Я глобус в руки взял, сын в комнату вошел
Колясочку катя, ликуя
В ней маленький седой отец
Герой стихотворений
Сидел как сон

Зима была. Повсюду изумленье
Следы зверочков на снегу
Запутанные, мы в мохнатых шапках
С несуществующим уж десять лет отцом
На лыжах по лыжне искрящейся

Идем вдвоем
Вдыхая носом холод
И выдыхая ртом любовь
Наверное, возможно
Наверное

Идем вдвоем со снегом
Повсюду мой отец
Герой стихотворений
Многих русских классиков
Зима, мороз

И двери торжества
Стоят, открытые
И всех зверков следы
(Зима, мороз, огонь в горячем термосе)
Туда ведут

И щурятся
И плачут, дурачки
И прыгают
И пасти разевают
И руками машут


ДАНИЛА ДАВЫДОВ

* * *

ванечка, ванечка, папа твой убивает людей
это не страшно, так надо, так что ты не грусти
если решат, что ты годен для этого, когда вырастешь
значит и ты будешь так же себя вести

машенька, машенька, папа твой на работе
бьет дубинкой по почкам и вырывает ногти
но ты не плачь, когда он поздно приходит ночью
мало ли что бывает с людьми на работе

вера петровна, сына ваш вчера был казнен
по приговору международного трибунала
вы не расстраивайтесь, знайте, что он
помнил, как вам идет синее платье


НАДЯ ДЕЛАЛАНД

* * *

О, выправи мне слово, логопед,
пока седлает осень лисопед
и, как лиса, летит к опушке леса,
роняя листья — хрустки и сухи,
мне кажется, что я пишу стихи
(о, как ни назови их — будет лестно!).
Я все еще крапива красотой
осенней, засыпающей, вон той —
небесной, упоительно закатной.
Как будто бы я тоже ухожу…
Нет, еду, еду, рук я не держу,
смотри, он сам везет меня обратно!
Впадая в прелесть легкого письма,
любуюсь тем, как красная тесьма
кленовой строчки прилегла уютно,
как все совпало точно и само
всей радостью везет меня домой,
мы едем-едем, ангелы поют нам.


АЛЕКСАНДР ДЕЛЬФИНОВ

Введенский и коза

Однажды поэта Александра Введенского встретили на Невском проспекте, когда он переходил дорогу с козой на веревке. "Откуда она?" - спросили Введенского. "Выиграл в карты, - будто бы ответил поэт. - Теперь не знаю, что с ней делать". По другой версии, Введенский увидел козу у мясника и спас ее, чтобы не зарезали.

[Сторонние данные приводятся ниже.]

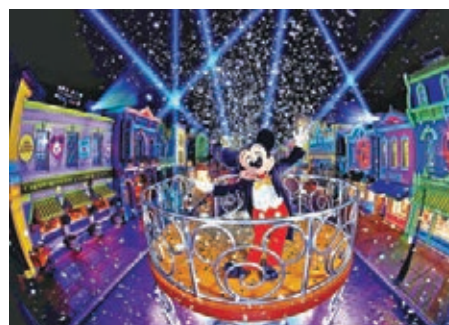
迪士尼推出全新節目「We Love Mickey!」大街投影盛演。迪士尼供圖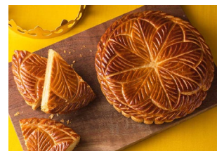
ガレット・デ・ロワ イメージ

Александр Введенский переводит козу через Невский,
В розовом небе фиолетовые облака,
Навстречу выходит Иосиф Виссарионович Достоевский
И лопается, как мыльный пузырь, губами шепнув: "Пока!"

Александр Введенский переводит козу через Невский,
Навстречу ему Сева Гаккель выносит виолончель.
Александр Введенский - взрослый поэт или детский?
Старик Козлодоев тащит мочалок в постель.

Александр Введенский переводит козу через Невский,
Чайки в небе сложились в буквы: "НКВД".
"Пацан, ты с какого района? Почему такой дерзкий?" -
Кто-то кому-то шепчет неясно когда и где.

Александр Введенский переводит козу через Невский,
А ему бы в товарный и на прииски в Бодайбо.
Навстречу Введенскому выходит Владимир Высоцкий
И лопается, как мыльный пузырь, губами шепнув: "Слабо?"

(Возможно, навстречу Введенскому вышел Бродский
И лопнул, как мыльный пузырь, губами шепнув: “Бобо?”)

Александр Введенский переводит козу через Невский,
Чайки в небе сложились в буквы: "Contemporary art".
Введенский - советский поэт или антисоветский?
Ленинбург осыпается ворохом ссыльных карт.

Александр Введенский переводит козу через Невский,
Навстречу ему человек с верёвкою и мешком,
Слышится вой сирены тревожно-мерзкий.
Уход в затемнение.

(А тут я с дурацким своим стишком!)

Александр Введенский переводит козу через Невский,
Переводит козу через Невский, переводит козу через Не-
Вский, переводит козу через Невский, переводит козу
Через Невский, переводит козу через Невский, перево...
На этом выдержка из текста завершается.